1. b is not equal to a, then b over (a - b) - a over (b-a) =
Choices:
1. -1
2. 0
3. 1
4. b-a over a-b
5. a+b over a-b
2. 6 equilateral triangles with side 1 are joined to form a hexagon. A circle is circumscribed about the hexagon. What is the area of the shaded region in the figure below?
1. 3.14 - square root 3 over 2
2. 3.14 - 3(sq root 3 over 2)
3. 3.14(sq root 3) over 3
4. 2(3.14) - sq root 3 over 2
5. 2(3.14) - 3(sq root 3)
Thank you for any help. Please explain the reasoning/steps behind it if possible it's appreciated :].
2007-07-10 12:58:00 · 1 answers · asked by RuleOfTheRose 2 in Science & Mathematics ➔ Mathematics
1. b/(a-b) - a/(b-a) =
b/(a-b) + a/(a-b) =
(b + a) / (a - b)
That's the same as (a + b) / (a - b), your choice #5.
2. The equilateral triangles have height sqrt(3)/2 and base 1, so their area (1/2 * b * h) is sqrt(3)/4 each. Six of them turned into a hexagon have area 6*sqrt(3)/4 = 3*sqrt(3)/2.
The circle is circumscribed so it touches the pentagon at each vertex.
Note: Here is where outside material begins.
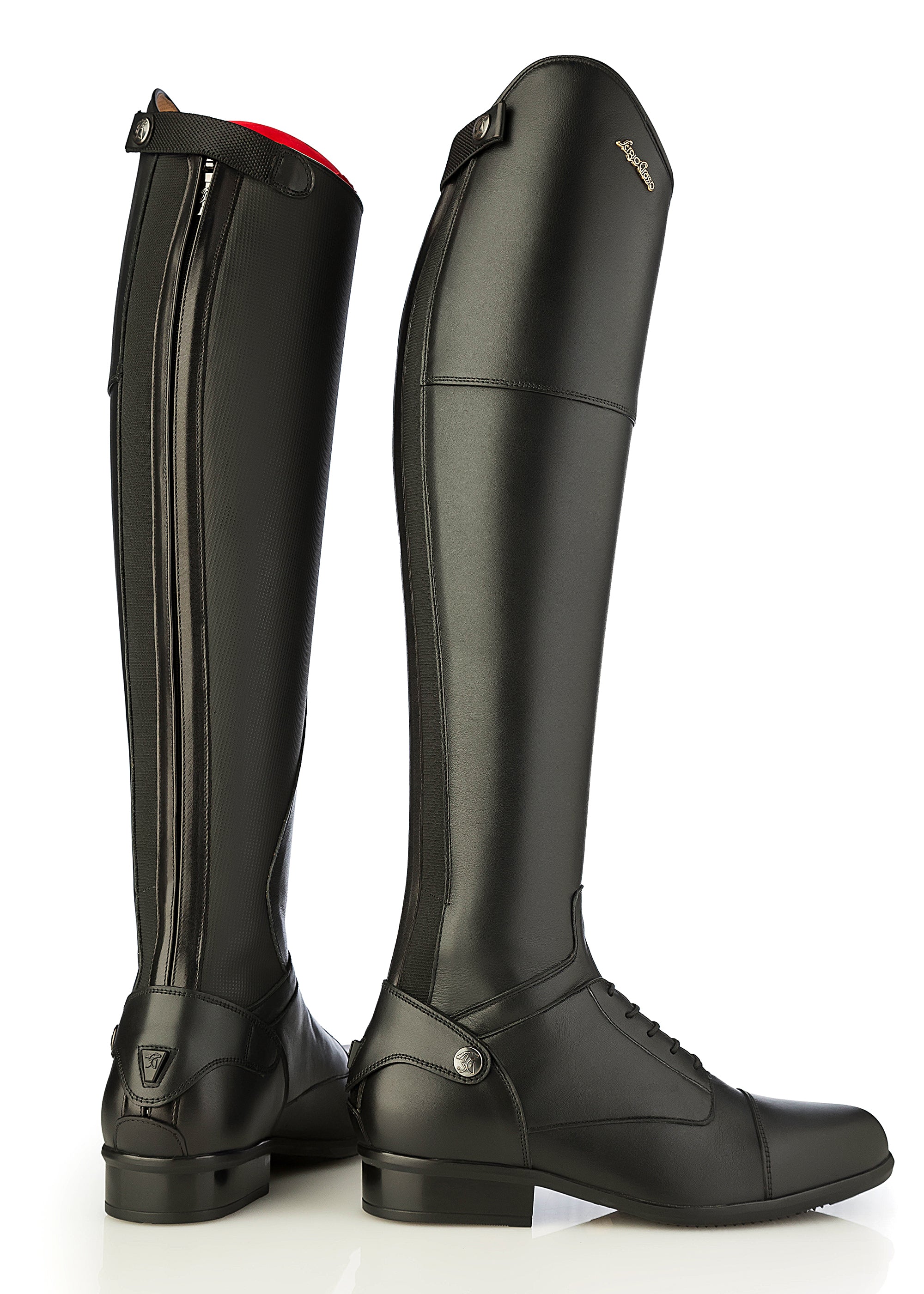 The Evolution Field Boot for men and women is part of Sergio Grasso’s Everyone Collection of tall boots, which is dedicated to all current and future equestrian enthusiasts. It is crafted for comfort with a supple nappa calfskin leather upper and lining, and designed to offer a good grip in the irons with the nonslip Vibram® sole. The SG Ultratech calf panel on the inner aspect ensures perfect grip in the saddle. The Evolution is a classically styled field boot with a Spanish topline and elastic front laces.

The line from each vertex to the center of the pentagon and the center of the circle, is a side of one of the equilateral triangles, so it is length=1. This means the circle has radius 1 and therefore area (pi * r^2) = pi*1^2 = pi.
Assuming the shaded area is the portion of the circle NOT inside the hexagon, it's the area of the circle (pi) minus the area of the hexagon (3sqrt(3)/2).
pi - 3sqrt(3)/2 is your answer (1).
2007-07-10 13:02:04 · answer #1 · answered by McFate 7 · 1⤊ 0⤋